У большинства больных инсулинзависимым диабетом жесткий контроль — вопрос выбора. Поскольку при таких схемах лечения от больного требуется очень много, необхо­димо заранее оценить надежность его согласия принять на себя ответственность за лече­ние. Определение уровня глюкозы обходится недешево, и материальное положение боль­ного также надо учитывать. Даже если жесткий контроль и не гарантирует профилактики поздних осложнений, при правильном подборе больных он оправдывает себя, так как пос­ле нормализации метаболизма улучшается самочувствие, а также потому, что вникание в клинические детали придает больным диабетом ощущение уверенности в себе и независи­мости, которые в другом случае легко утрачиваются.

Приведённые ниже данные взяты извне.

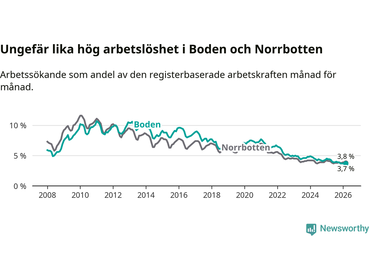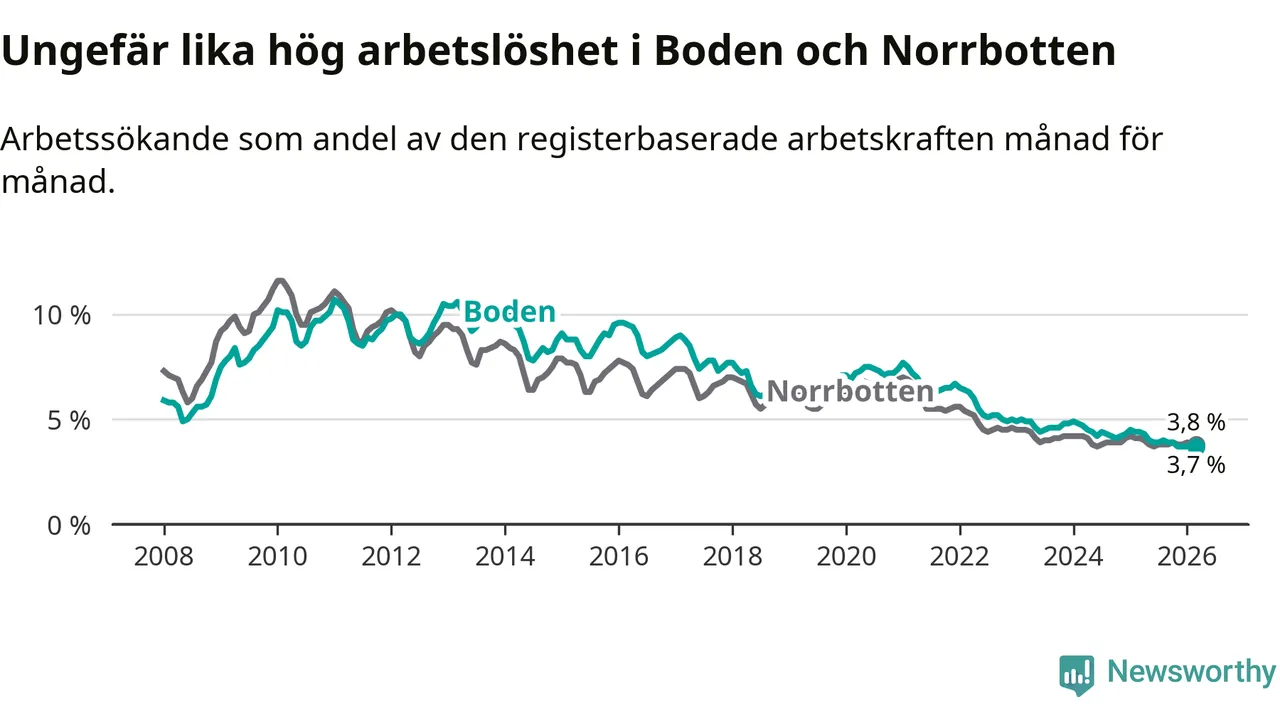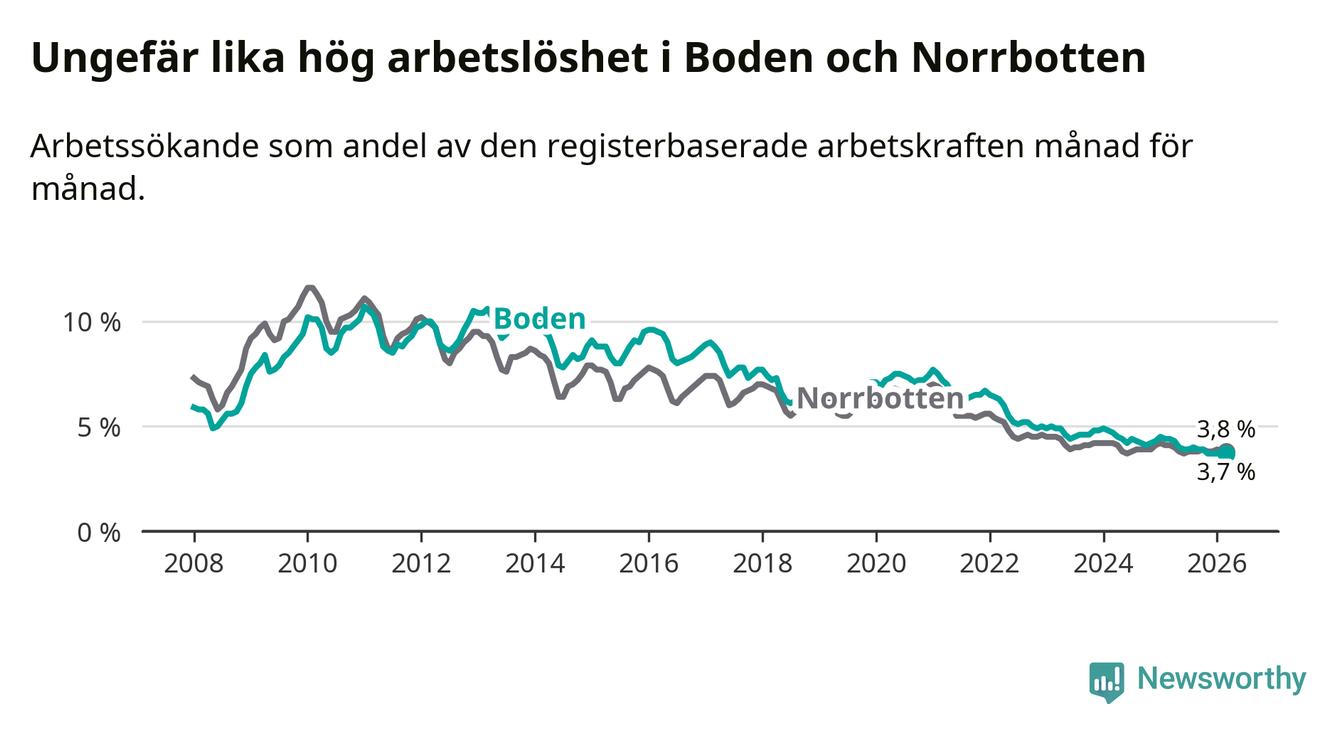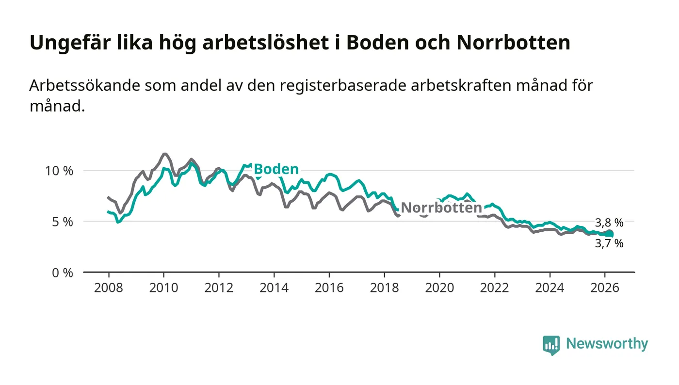 Under mars månad rapporterade Bodens kommun en total arbetslöshet på 3,7 procent. Det är en minskning jämfört med samma tidpunkt i fjol (−0,7 procentenheter). Även i Norrbottens län sjunker arbetslösheten .

Жесткий контроль не всегда показан очень пожилым людям, а также при наличии сердечно-сосудистых, цереброваскулярных или диабетических осложнений.

Если больному диабетом предстоит хирургическая операция, инсулин промежуточ­ной продолжительности действия отменяют и лечение продолжают только обычным инсу­лином. Эффективный метод—добавление 10—20 ЕД инсулина к 1 л 5% раствора глюко­зы в воде при скорости инфузии 100—150 мл/ч. Определение уровня глюкозы в плазме капиллярной крови позволяет вовремя изменить скорость инфузии, чтобы избежать гипо-или гипергликемии. Можно также вводить 10 ЕД обычного инсулина подкожно и вливать 5—10%раствор глюкозы со скоростью, исключающей резкие изменения концентрации глю­козы.

Виды инсулина. Существует несколько различных видов инсулина. При неотложных состояниях у больных диабетом, а также в программах МПИ и ППИИ применяют быс­тродействующие препараты. При обычной терапии и в режиме МПИ используют препа­раты промежуточного срока действия. Как уже отмечалось, долгодействующие смеси ис­пользуют при трехинъекционной схеме МПИ. Сроки наступления максимального эффек­та и продолжительность действия инсулинов у разных больных неодинаковы и зависят от способа введения и дозы препарата. У больных диабетом, получающих инсулин, его ги­погликемизирующий эффект развивается позднее, чем у здоровых лиц, что связано, веро­ятно, с присутствием в плазме больных антиинсулиновых антител. Установлено, что при подкожном введении обычного инсулина он начинает действовать у больных диабетом примерно через 1 ч, максимального эффекта достигает через б ч и сохраняет свое действие в среднем 16 ч, тогда как у здоровых людей действие инсулина начиналось уже через не­сколько минут, максимальный эффект регистрировали примерно через 2 ч, а длительность действия составляла всего 6—8 ч. При введении NPH-инсулина он начинал действовать у больных диабетом через 2,5 ч, максимального эффекта достигал через 11 ч и имел общую продолжительность действия 25 ч, что ближе совпадает с соответствующими параметрами у здоровых людей.

Имеющиеся в продаже препараты инсулина содержат по 100 ЕД в 1 мл, хотя можно приобрести и инсулин, содержащий 500 ЕД в 1 мл. В настоящее время все они очищенные, т. е. загрязнение проинсулином меньше 10 частей на 1 млн. Некоторые препараты содер­жат всего 1 часть проинсулина на 1 млн. Все еще широко применяются инсулины животно­го происхождения (бычий, свиной), но теперь доступен и инсулин, идентичный человечес­кому. Преимущество очищенных инсулинов животного происхождения заключается в том, что при их введении несколько реже образуются антиинсулиновые антитела (IgG), чем при введении «человеческого» гормона. Существующие цены позволяют широко прописывать «человеческий» инсулин. Как отмечалось выше, производятся (хотя и не всеми фирмами) различные препараты короткодействующих, промежуточных и долгодействующих инсу­линов. Для общепринятой терапии чаще всего применяют инсулины ленте и NPH, биоло­гический эффект которых примерно одинаков, но инсулин ленте, по-видимому, несколько более иммуногенен и хуже смешивается с обычным инсулином, чем NPH.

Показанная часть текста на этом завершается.